VWF deficiency in the context of CF-LVAD occurs either through pump shear-induced VWF activation with subsequent exposure of the ADAMTS-13 cleavage site for enzymatic degradation or by shear stress-induced fragmentation of VWF into dysfunctional small fragments, independent of ADAMTS-13 [4,31,32,33,34][4][8][9][10][11]. The net effect of decreased production and increased degradation of VWF culminates in diminished VWF-dependent platelet aggregation.
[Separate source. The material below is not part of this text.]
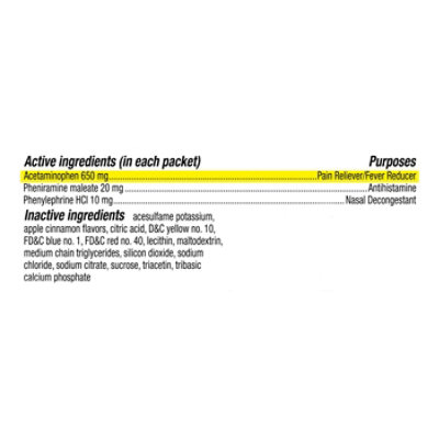 Use 8 ounces of hot water or heat up 8 ounces cold water and stir in one packet of. Pheniramine-phenyleph-acetamin This combination medication is used to temporarily treat symptoms caused by the common cold flu allergies.

The lack of physiological pulsatility in CF-LVAD-implanted patients results in GI mucosal hypoxia with subsequent sympathetic activation and release of angiogenesis factors such as VEGF and angiopoietin 2. These factors cause smooth muscle relaxation and dilation of the mucosal veins, which results in arteriovenous malformations (AVM) and angiodysplasias [35,36][12][13]. VWF is thought to be a negative regulator of angiogenesis by reducing VEGF-2-dependent proliferation of endothelial cells by extracellular binding to integrin αvβ3 [37][14]. The loss of VWF with subsequent defective Weibel Palade body formation promotes angiodysplasia due to ineffective intracellular storage and release of angiopoietin-2 [37,38][14][15]. Notably, a contemporary study has suggested that VWF becomes hyper-adhesive in CF-LVAD patients rather than being excessively cleaved [39][16]. The hyper-adhesive VWF was shown to activate platelets and produce platelet-derived extracellular vesicles with subsequent local concentration of VEGF and development of aberrant angiogenesis [39][16].

2.1. Clinical Perspective

Despite the beneficial role of LVADs in patients with advanced heart failure, GIB is one of the major complications in this patient population [40,41][17][18]. The reported incidence of GIB post-CF-LVAD implantation ranges from 21% to 31% [42,43][19][20]. Multiple studies of GIB in LVADs reported that the majority of cases had therapeutic or subtherapeutic INR levels at the time of bleeding [43][20]. Predictors of GIB include older age, redo sternotomy, preoperative inotrope use, elevated preoperative creatinine, RV failure, and concomitant antiplatelet and anticoagulant use [42][19]. Upper GIB seems to be the main location of bleeding in LVAD patients with AVM, with angiodysplasia being the most common culprit [43,44][20][21]. In a pooled analysis of 1087 patients, the mean duration from CF-LVAD implantation to first bleeding event was 54 days, and anemia was the most common presentation, followed by melena [45][22]. The occurrence of GIB is associated with increased morbidity and mortality. Moreover, the need for repeated blood transfusions increases alloimmunization risk, which may limit HT offers [46][23]. This prompts the need to develop treatment strategies to prevent GIB.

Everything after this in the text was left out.